Several validated scientific and effective research has been conducted for searching and testing the new antidiuretic drugs with standardization by developing several models of animal for examining diabetes mellitus. The several animals models has been developed via surgical operations (pancreatectomy), fed a diet or nutrients-based diabetes induction in animals, and through genetic-based operations (spontaneous and transgenic/knockout diabetic animals) in different animal species to persuade both the types of diabetes. However, the best and greater communal technique for developing diabetes in research-based animals is the practicing of diabetogenic preparations containing the streptozotocin (STZ) with or without nicotinamide, alloxan monohydrate, dithizone, ferric nitrilotriacetate and several additional compounds8.
On behalf of the different studies, STZ is reflected as the maximum utilised diabetogenic chemical for persuading diabetes in research animals. STZ exists as N-nitrosoamide derivatives extracted from Streptomyces acromogenes. STZ induces irreversible necrosis of cells randomly and rapidly through pancreatic-selective-cell toxigenic effect. STZ has selective toxic effects on β-cells of pancreatic islets because of high affinity for β-cell membrane, low capacity of β-cells to scavenge free radicals, and low NAD + /DNA ratio in islets. Due to accumulation of STZ in pancreatic β-cells by Glut2, other organs like kidney, liver, and intestine are also damaged by STZ9. Moreover, the STZ capability to develop insulin-dependent diabetes mellitus (type 1) by thorough elimination or devastation of pancreatic cells, the STZ is moreover having the capability of producing peripheral insulin resistance (type 2 diabetes), impairing the glucose oxidation or impairing insulin secretion, decreasing the insulin synthesis and secretion from β-cells. STZ also disrupts the glucose transport and glucokinase activity. Such effects are mainly and sufficiently lead to develop noninsulin-dependent diabetes mellitus (type 2) in animals10.

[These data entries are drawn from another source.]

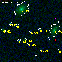 Black segments are analyzed here. Roll mouse over color images to view segments. Best viewed in a wide browser window (1200 pixels or more). Download SED & P(z) plots to view larger versions.
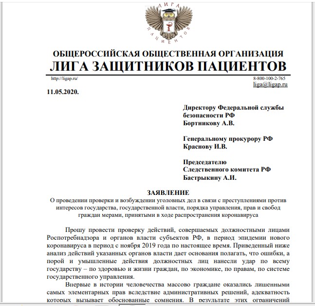 Лига защиты прав пациентов 11 мая отправила Обращение в ГенПрокуратуру, ФСБ, СК РФ о нарушениях прав граждан в ходе борьбы с пандемией, в котором просит проверить действия мэра Москвы, глав других регионов, а также СМИ и Роспотребгадзора на предмет наличия в них составов преступления по ст. 207.1, 207.2 УК РФ.
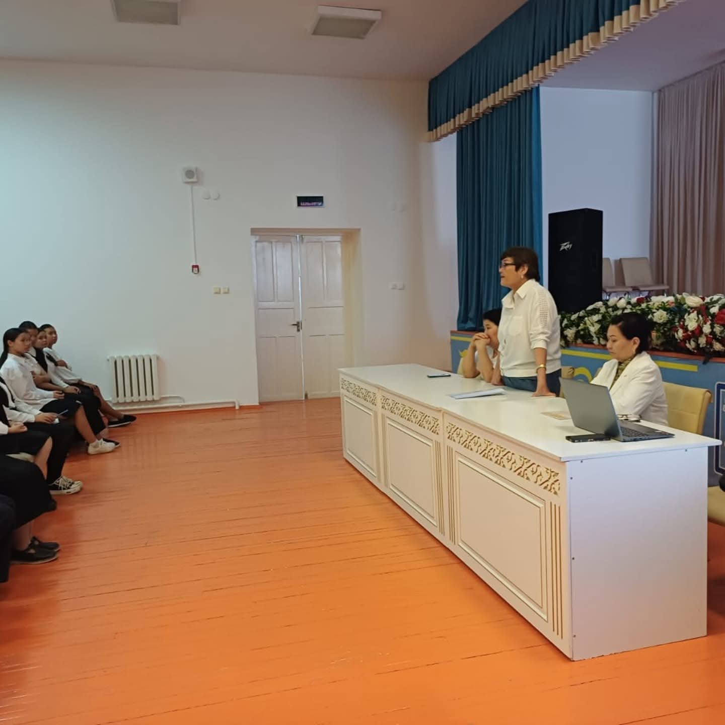 Мектебімізде 8-11 сыныптар арасында "Бой түзелмей, ой түзелмес" тақырыбында жалпы қыздар жиналысы өтті. Жиналысқа директордың тәрбие ісі орынбасары М.Альменова,"Қыз Жібек"қыздар клубының төрайымы М.Қосыбаева мүшелері П.Ақбаева, А.Балажанова қатысты. Мақсаты :қыз балаларды әсемдікке, сыпайылыққа, инабаттылыққа тәрбиелеу, ішкі жан дүниесін байыту, қыз намысы, сымбаты туралы жан -жақты мағлұматтар берді. Қыздардың тәртібі, мектеп формасының сақталуы, сөйлеу әдебі жүру мәдениеті мен жеке бас тазалығы туралы айтылды. Ұлттық дәстүрді сақтап, қыз баланың сымбатты жүруі туралы ой қозғалды.
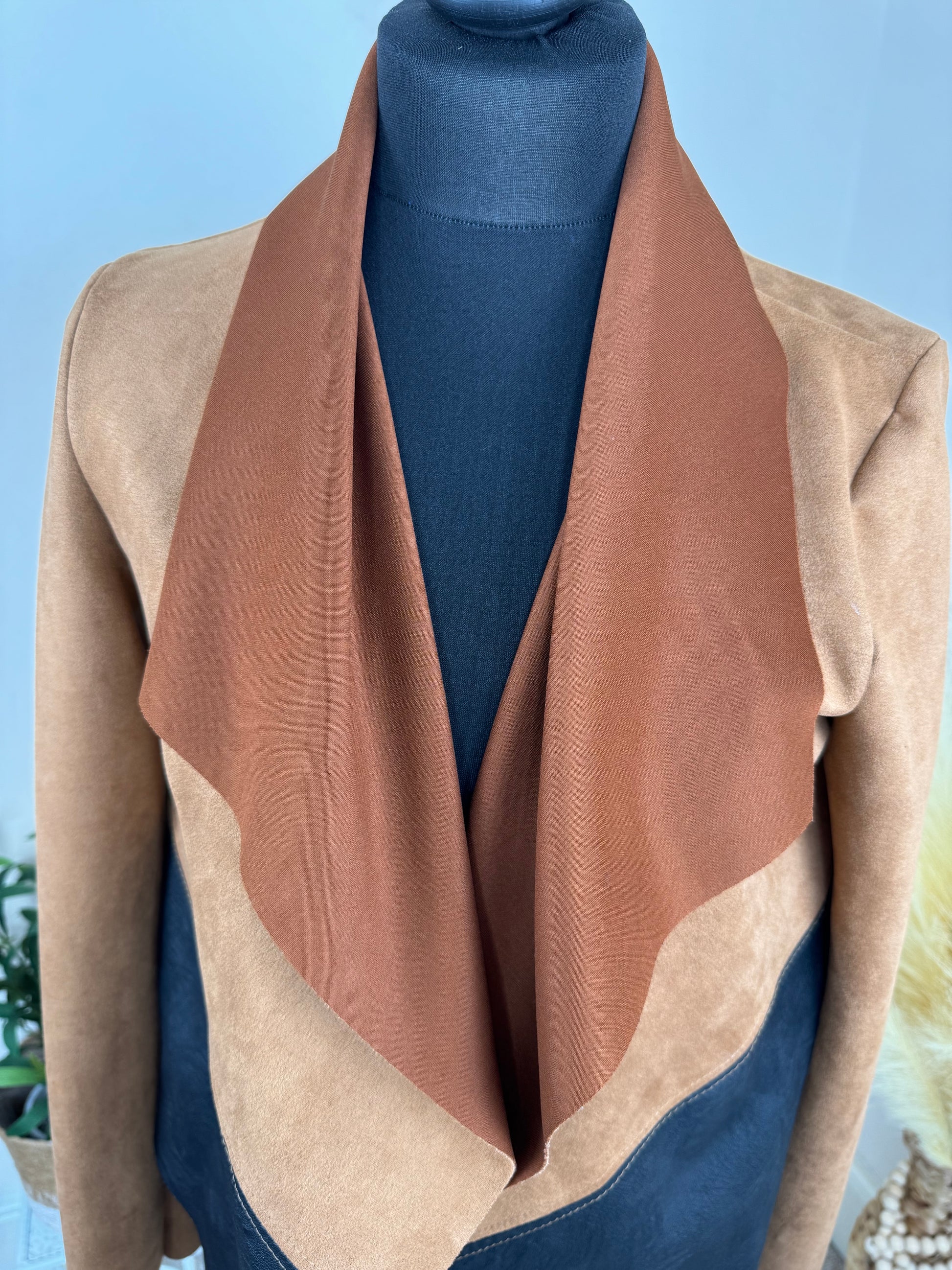 Women’s Suede Look Waterfall Jacket Brown & Black – Open Front Layering Coat UK 8

Various results specified that creating mild to severe pattern of diabetes is depend upon the vary and selected dose of STZ, strain, animals age, dietetic status, and administration route, accompanied by further factors11. Therefore, scholars are appreciated to organize their particular procedures of developing type 2 diabetes through STZ in accordance with specific research necessities.
The phase or status of inducing the type 2 diabetes in animals is particularly arbitrated by attaining a condition of hyperglycemia that defines an upsurge in the measured glucose standard point after STZ injection. Usually, rats possessing primary glucose range above 200 mg/dL is reflected hyperglycemic and is incorporated in studies. The effect of difference in blood glucose levels resulting type 2 diabetes developments in rats may possibly show the existence of various stratum of glucose homeostasis interference, which may perhaps influence the outcomes of checking antidiabetic reagents12.
Materials and methods
Chemical
Diabetogenic drug Streptozotocin (STZ) of Sigma Chemicals, Germany was purchased and used in the current study.
Animals
Albino male rats, of 10 to 12 weeks age, weighing 150 to 200 g each, were obtained from DUHS Karachi for the present study. The rats were housed and maintained in animal house of University of Balochistan Quetta under controlled room temperature and humidity with required light–dark cycles for the purpose of controlled supervision on Rats. All experiments were approved and performed in accordance with relevant institutional licensing committee guidelines and regulations (Ethics committee of Animal and Human of University of Balochistan Quetta). The study was carried out in compliance with the ARRIVE guidelines. The rats were admitted free approach to standard diet and water ad libitum. All the standard protocol in-accordance with GLP (Good Laboratory Practice) Regulations of WHO was followed (Elina et al. 2015). Fasting blood glucose (FBG) level was measured after fasting overnight using Glucometer (AccuChek Active Performa, Roche, Germany) via tail vein to confirm the normal fasting blood glucose level. The day of confirmation of normal FBG level was considered as day 4 of experiment.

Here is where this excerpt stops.